| THE PROBLEM |
The lines to copy are those in the records below that hold the word "bees".

Stored entries

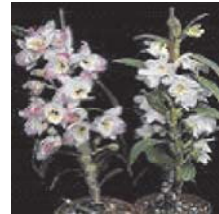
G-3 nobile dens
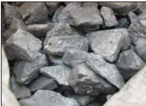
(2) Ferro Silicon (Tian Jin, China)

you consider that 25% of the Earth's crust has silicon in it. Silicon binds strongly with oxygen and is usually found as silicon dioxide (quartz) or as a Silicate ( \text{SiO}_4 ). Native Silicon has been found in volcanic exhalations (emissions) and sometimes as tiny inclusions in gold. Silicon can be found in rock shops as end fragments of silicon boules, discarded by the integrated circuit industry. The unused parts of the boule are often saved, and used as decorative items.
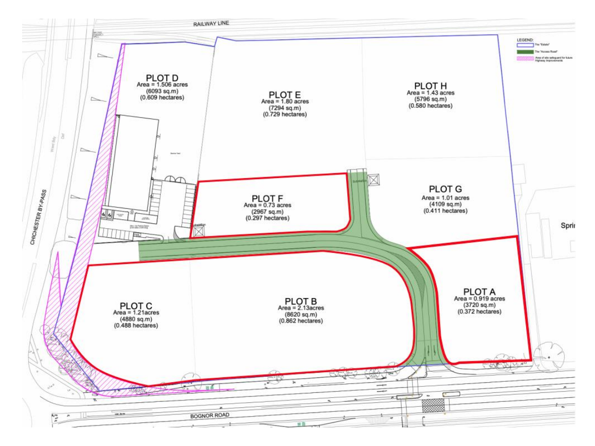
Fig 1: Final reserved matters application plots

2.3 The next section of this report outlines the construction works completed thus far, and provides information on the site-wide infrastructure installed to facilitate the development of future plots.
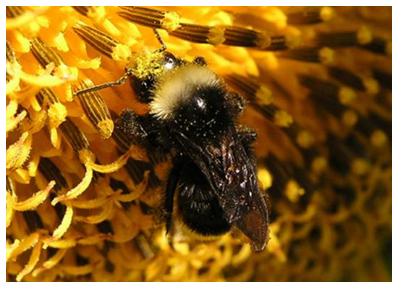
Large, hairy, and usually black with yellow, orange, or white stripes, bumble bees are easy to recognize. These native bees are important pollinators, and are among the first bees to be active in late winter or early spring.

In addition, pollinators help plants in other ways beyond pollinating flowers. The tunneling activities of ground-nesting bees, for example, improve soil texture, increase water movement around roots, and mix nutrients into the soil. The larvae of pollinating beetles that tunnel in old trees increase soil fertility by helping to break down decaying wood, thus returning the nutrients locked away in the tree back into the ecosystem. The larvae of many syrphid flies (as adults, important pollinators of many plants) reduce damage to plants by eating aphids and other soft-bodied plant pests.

| ANSWER AREA |
Large, hairy, and usually black with yellow, orange, or white stripes, bumble bees are easy to recognize. These native bees are important pollinators, and are among the first bees to be active in late winter or early spring.
In addition, pollinators help plants in other ways beyond pollinating flowers. The tunneling activities of ground-nesting bees, for example, improve soil texture, increase water movement around roots, and mix nutrients into the soil. The larvae of pollinating beetles that tunnel in old trees increase soil fertility by helping to break down decaying wood, thus returning the nutrients locked away in the tree back into the ecosystem. The larvae of many syrphid flies (as adults, important pollinators of many plants) reduce damage to plants by eating aphids and other soft-bodied plant pests.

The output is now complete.